■ What is expected
I would like the number of lines in the data that contain the word "Seattle". Please give that number alone.

■ Available data
= Beginning of Section =

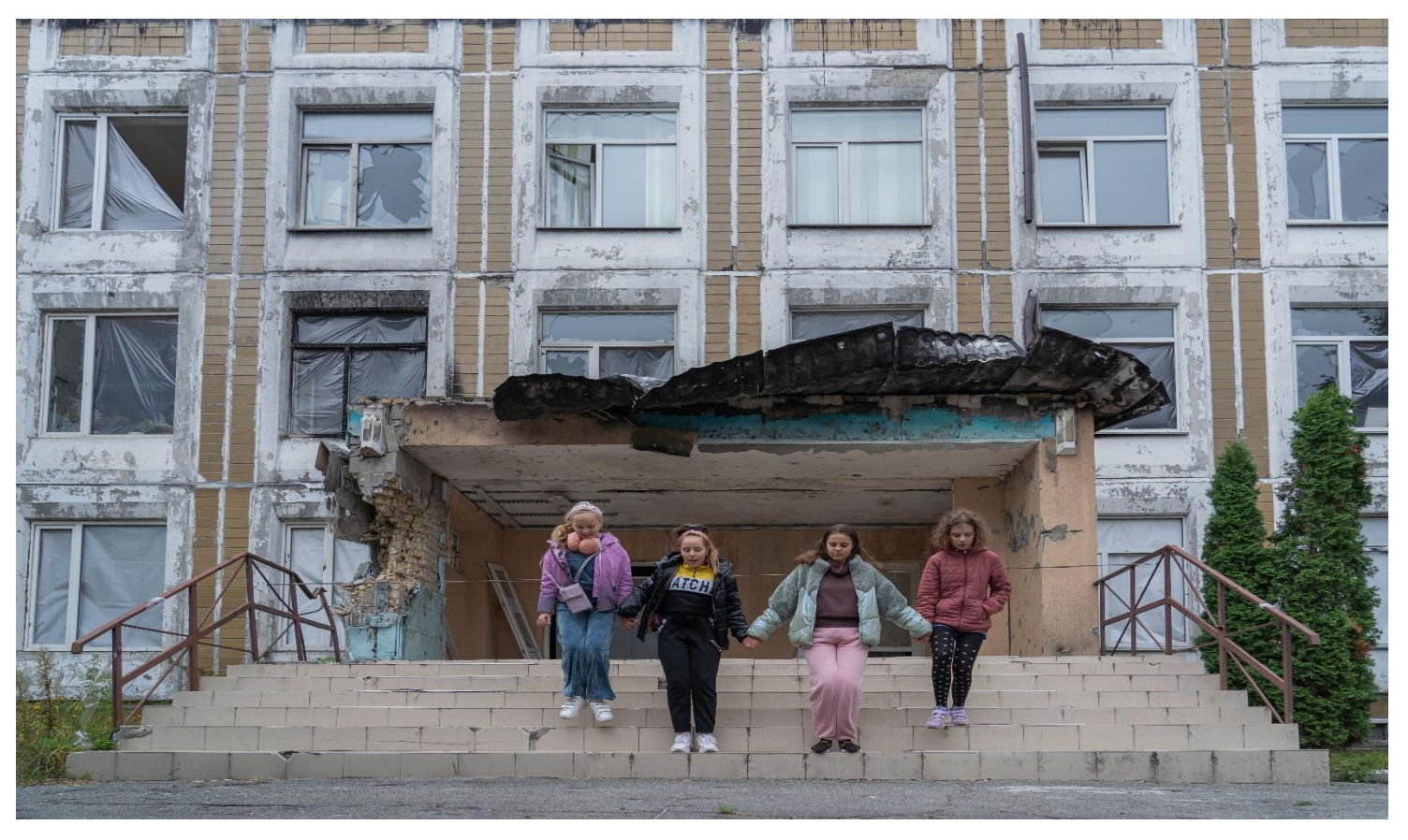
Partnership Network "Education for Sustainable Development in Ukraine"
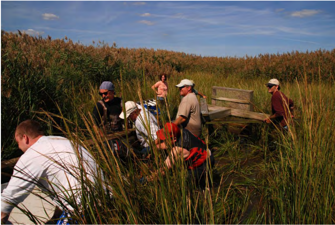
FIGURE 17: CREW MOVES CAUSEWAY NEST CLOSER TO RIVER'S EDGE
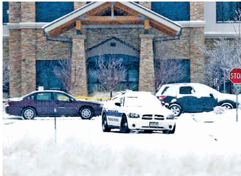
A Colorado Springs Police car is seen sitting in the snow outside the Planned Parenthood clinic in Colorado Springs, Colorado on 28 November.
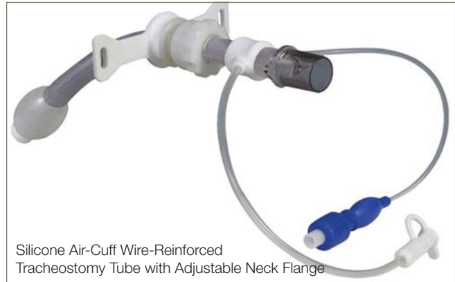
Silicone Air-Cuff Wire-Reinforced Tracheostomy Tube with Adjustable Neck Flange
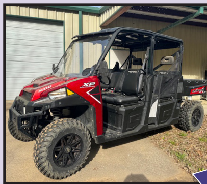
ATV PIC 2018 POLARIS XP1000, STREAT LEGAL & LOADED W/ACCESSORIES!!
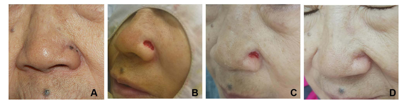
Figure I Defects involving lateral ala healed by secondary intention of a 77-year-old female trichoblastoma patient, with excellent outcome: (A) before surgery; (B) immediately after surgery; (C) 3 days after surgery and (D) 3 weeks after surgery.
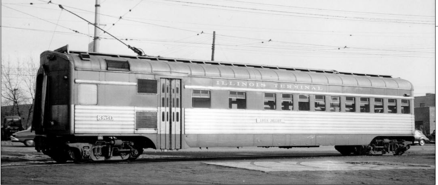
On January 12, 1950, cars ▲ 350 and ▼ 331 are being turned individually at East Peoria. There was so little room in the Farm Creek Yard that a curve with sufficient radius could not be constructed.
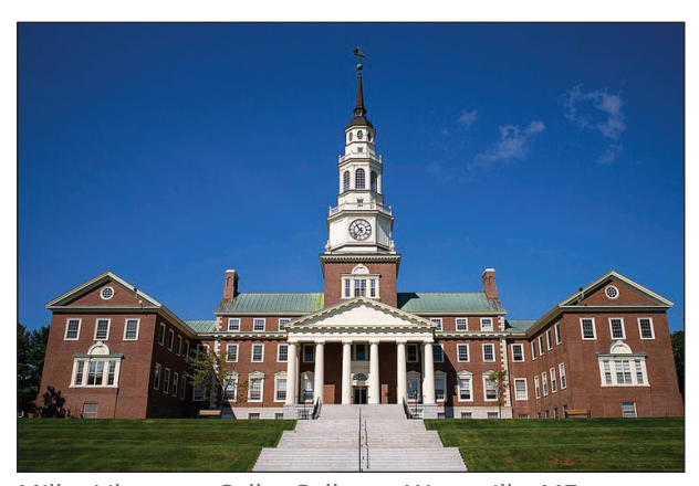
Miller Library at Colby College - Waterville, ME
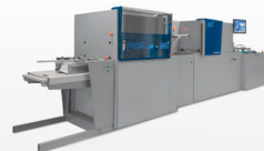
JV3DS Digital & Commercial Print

= End of Section =
= Beginning of Section =

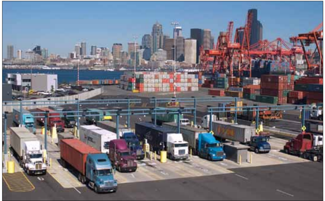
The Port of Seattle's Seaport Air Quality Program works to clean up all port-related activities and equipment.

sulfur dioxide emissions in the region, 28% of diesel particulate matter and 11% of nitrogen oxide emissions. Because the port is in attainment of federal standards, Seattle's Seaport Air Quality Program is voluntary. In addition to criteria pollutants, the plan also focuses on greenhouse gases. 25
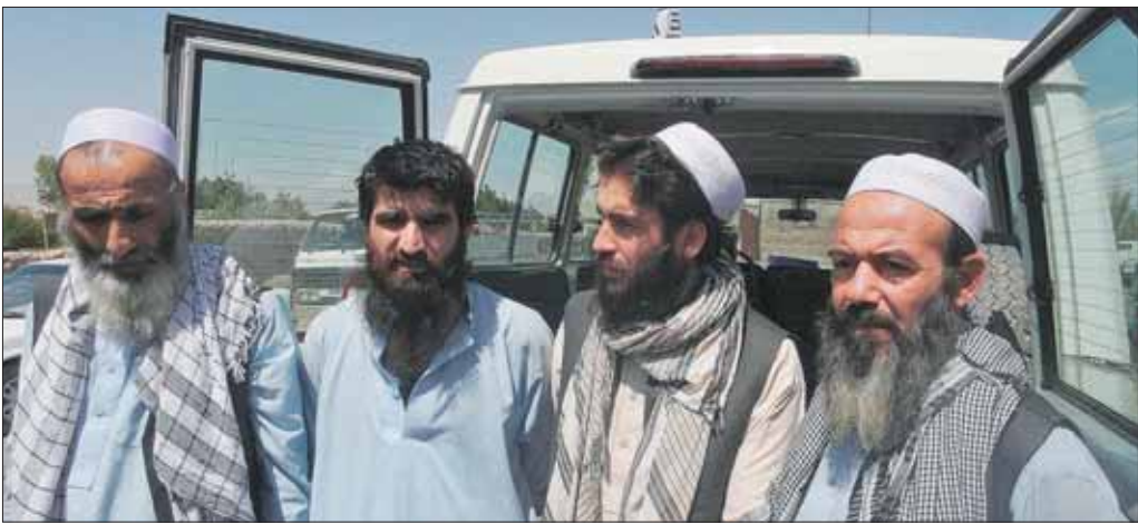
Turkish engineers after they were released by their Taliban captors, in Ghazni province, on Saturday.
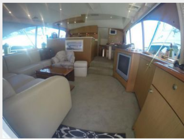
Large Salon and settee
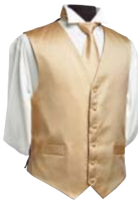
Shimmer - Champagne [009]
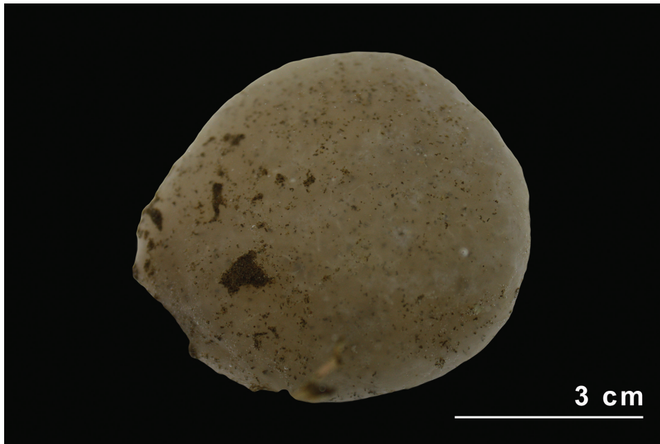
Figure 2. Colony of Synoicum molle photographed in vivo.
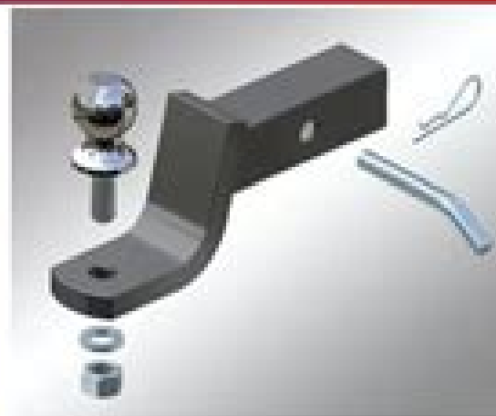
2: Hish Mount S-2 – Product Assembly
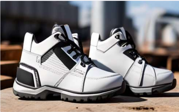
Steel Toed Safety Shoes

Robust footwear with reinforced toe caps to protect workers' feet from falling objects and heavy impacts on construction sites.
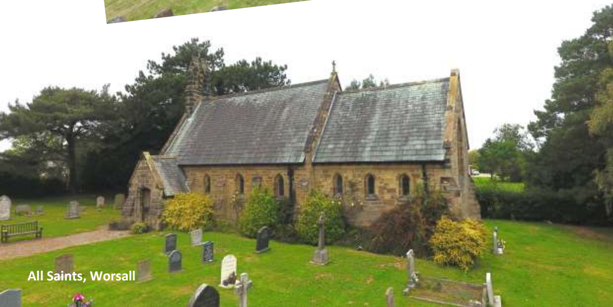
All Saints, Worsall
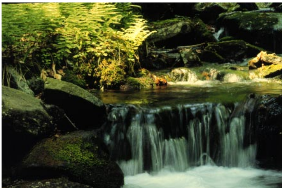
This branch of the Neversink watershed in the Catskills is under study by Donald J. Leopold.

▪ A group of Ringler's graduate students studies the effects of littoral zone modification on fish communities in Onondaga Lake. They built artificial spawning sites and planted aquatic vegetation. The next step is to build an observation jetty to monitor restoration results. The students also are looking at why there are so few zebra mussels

= End of Section =

■ Output below
2